The normal microvasculature does not act as an inert set of microtubes but, instead, as an exquisitely controlled vasomotor system that distributes RBCs in an orchestrated manner to meet the needs of the tissue.5 Hypoxia is a powerful stimulus for enhancing delivery of RBCs in skeletal muscle.36,37 The oxygen exchange strategy we used, coupled with direct tracking of RBC transit in individual capillaries, provided a rapid means of generating a hypoxic muscle milieu and directly linking this to network responsivity. RBC velocity and supply rates in control EDL muscle rapidly increased in response to hypoxic challenge. However, the responses in the regenerated vasculature were blunted. Thus, the regenerated microvasculature was defective in a fundamental control process for modulating RBC delivery. This muted responsivity could also explain the striking monotony in RBC velocities we observed throughout the network. Although it is possible that the demands of the regenerated EDL were more uniform than in the normal EDL, this seems unlikely given the striking variations in capillary RBC O2 saturation that we identified. Together, the findings indicate that the regenerated network does not have the ability to tune the delivery RBCs to match the regional needs.
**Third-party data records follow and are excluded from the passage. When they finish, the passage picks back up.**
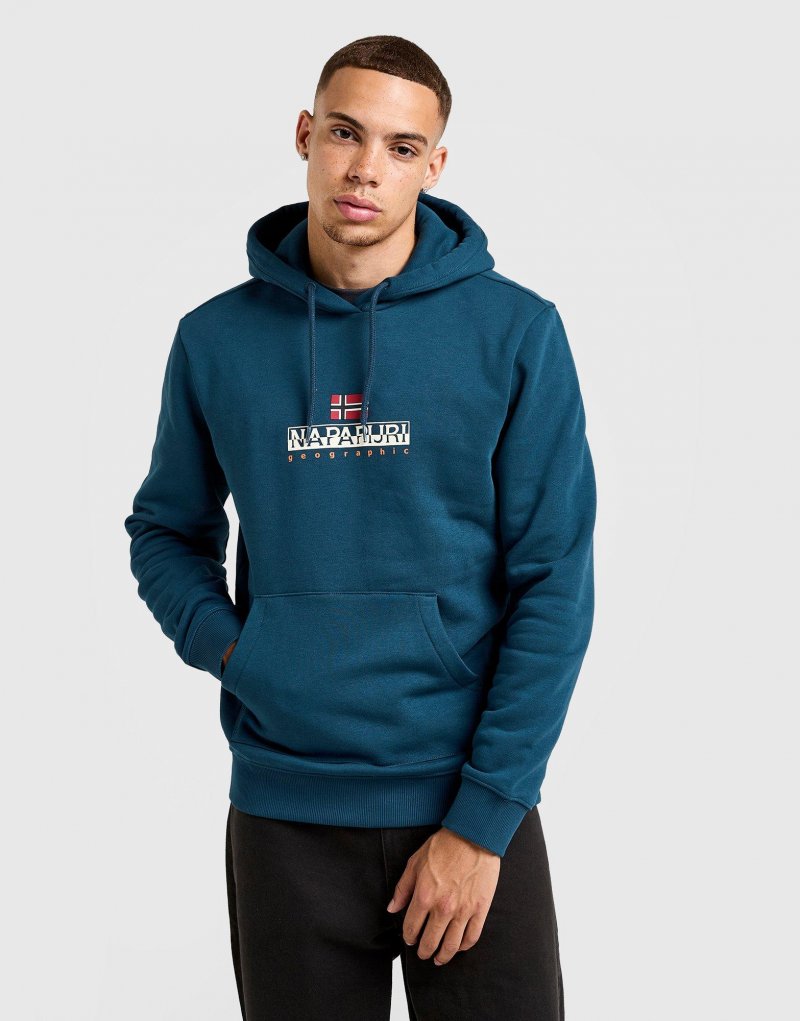 Mit dem Napapijri Bory Logo Hoodie für Herren bringst du frische Energie in deine Garderobe. Dieser JD-exklusive Hoodie in Blau ist aus einem weichen Fleece-Stoff gefertigt und bietet absoluten Komfort im Alltag. Er verfügt über eine Kapuze mit Kordelzug für einen individuellen Look, gerippte Bündchen, um die Passform optimieren, und eine Kängurutasche für die Aufbewahrung. Abgerundet wird das Design durch das Napapijri-Logo auf Brust und Rücken. Waschmaschinengeeignet. Unser Model ist 1,84 m groß, hat einen Brustumfang von 97 cm und trägt Größe M.
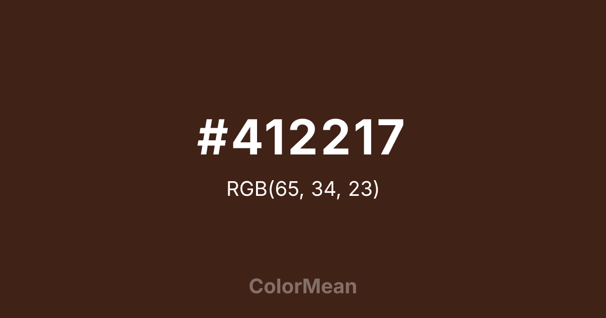 #412217 RGB value is (65, 34, 23). The hex color red value is 65, green is 34, and blue is 23. Its HSL format shows a hue of 16°, saturation of 48 percent, and lightness of 17 percent. The CMYK process values are 0 percent, 48 percent, 65 percent, 75 percent.
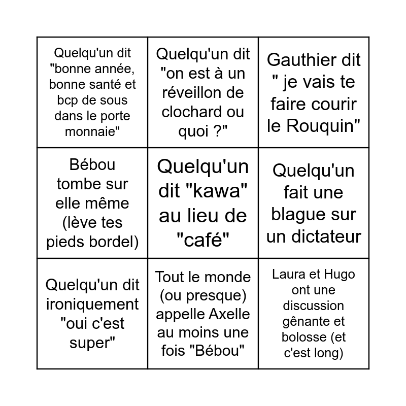 This bingo card has a free space and 8 words: Quelqu'un fait une blague sur un dictateur, Gauthier dit " je vais te faire courir le Rouquin", Quelqu'un dit "on est à un réveillon de clochard ou quoi ?", Quelqu'un dit ironiquement "oui c'est super", Quelqu'un dit "bonne année, bonne santé et bcp de sous dans le porte monnaie", Laura et Hugo ont une discussion gênante et bolosse (et c'est long), Bébou tombe sur elle même (lève tes pieds bordel) and Tout le monde (ou presque) appelle Axelle au moins une fois "Bébou".
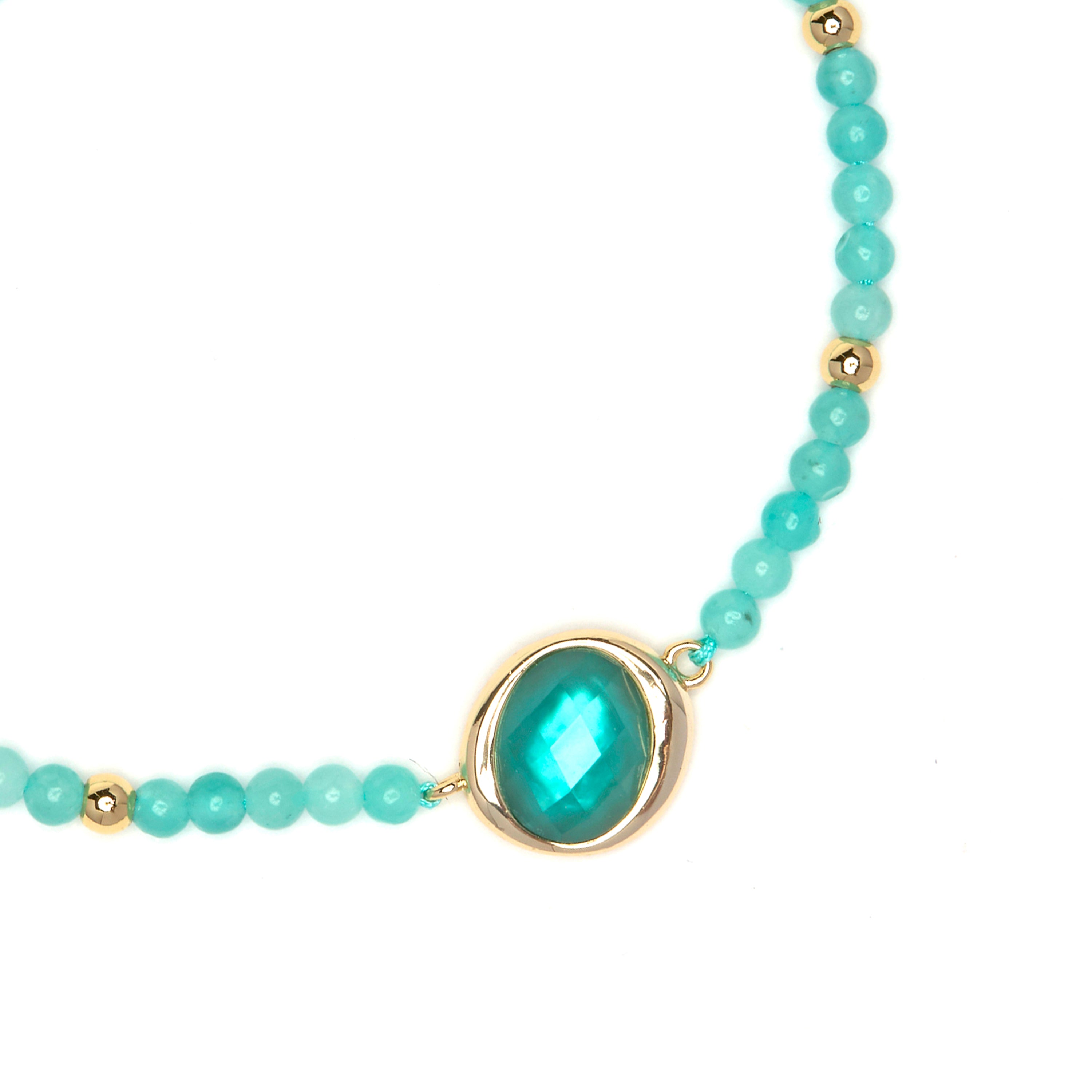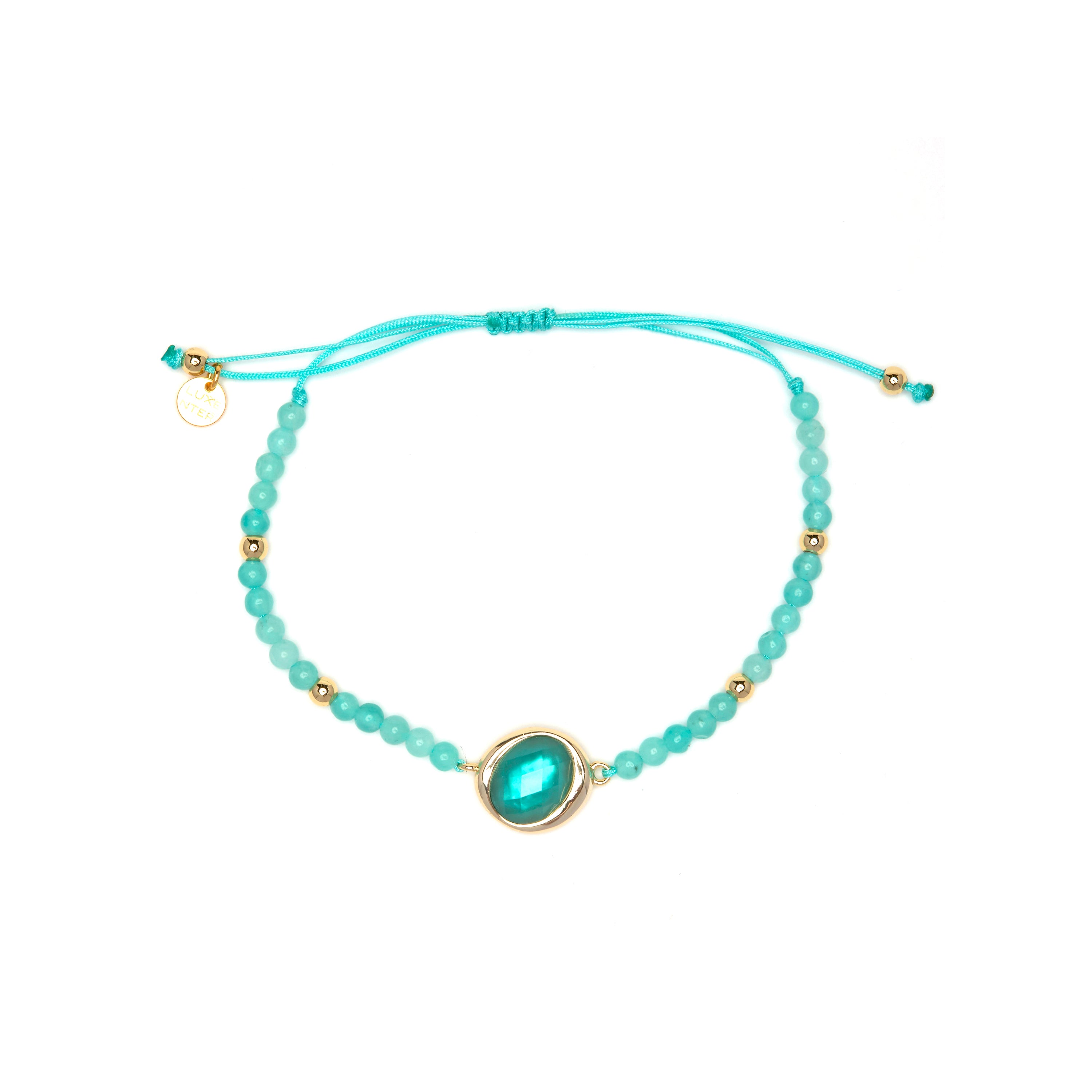 Pulsera Alqua de Plata de Ley 925 y Doblete Madreperla / Cuarzo Hidrotermal Verde acabado en Oro Amarillo 18k

What might be the mechanism for this relative inertness in the regenerated microcirculation? Distal arterioles constitute the critical effector limb for RBC delivery and the site where hormonal, metabolic, or neural regulatory factors impinge. Three-dimensional reconstruction of confocal optical images revealed how SMCs and their contractile elements are organized around these arterioles. Our finding of circumferential wrapping of SMC processes is consistent with studies using scanning electron microscopy38 and has recently been delineated in brain arterioles using genetically encoded mural cells.39 Remarkably, in addition to the banded pattern of the SMC processes, we were also able to resolve individual actin microfilament bundles, which revealed there to be 3 to 5 discrete actin microfilament bundles per process, in 10 to 20 μm diameter arterioles. The finding that SMC processes also wrapped arterioles in the regenerated network is consistent with our intravital microscopy findings of arteriole–capillary–venule units. However, the increased spacing between the SM α-actin–containing processes identifies an architectural defect in the contractile machinery. In fact, in the regenerated vessels, we found that there was more gap between the SM α-actin–containing processes than area covered by the processes. This defect was even more striking in arteriolar segments immediately upstream of the capillary, where the actin processes were neither circumferential nor spiral, but oriented haphazardly. Given that arterioles of the caliber studied (7–20 μm) were invested by only a single layer of SMC processes, the architectural details of these processes stand to be vital determinants of the extent to which RBC entry into the capillaries is controlled. We do not currently know if additional defects in the vasomotor control loop exist, such as in oxygen sensing by the endothelium, gap-junction–mediated signal conduction, or communication between the endothelium and SMCs. Nonetheless, the findings implicate a new reason for microvascular dysfunction, based on disorder of the otherwise exquisitely patterned actin-containing protrusions.

In summary, using 4-dimensional microvascular imaging and an obliteration–restoration model of angiogenesis, we have uncovered profound and persistent network-level dysfunction in the regenerated microcirculation in mouse skeletal muscle. These findings suggest that in the setting of vascular regeneration after skeletal muscle infarction, impaired network functionality rather than limited angiogenesis may be a key determinant of ongoing ischemia. Strategies to impart advanced physiology to the postinfarction microcirculation, including recapitulating normal arteriolar morphogenesis, are warranted.

Acknowledgments

We thank Jason Baek for his contributions to the network modeling used in the flow simulations.

Sources of Funding

This work is supported by the Canadian Institutes of Health Research (FRN-11715, FRN-126148, and FDN-143326), the Heart and Stroke Foundation of Canada (T7081), and the University of Western Ontario (POEM). H. Yin was supported by a CIHR Fellowship. J.G. Pickering holds the Heart and Stroke Foundation of Ontario/Barnett-Ivey Chair.

Disclosures

None.

Footnotes

  • The online-only Data Supplement is available with this article at http://circres.ahajournals.org/lookup/suppl/doi:10.1161/CIRCRESAHA.116.310535/-/DC1.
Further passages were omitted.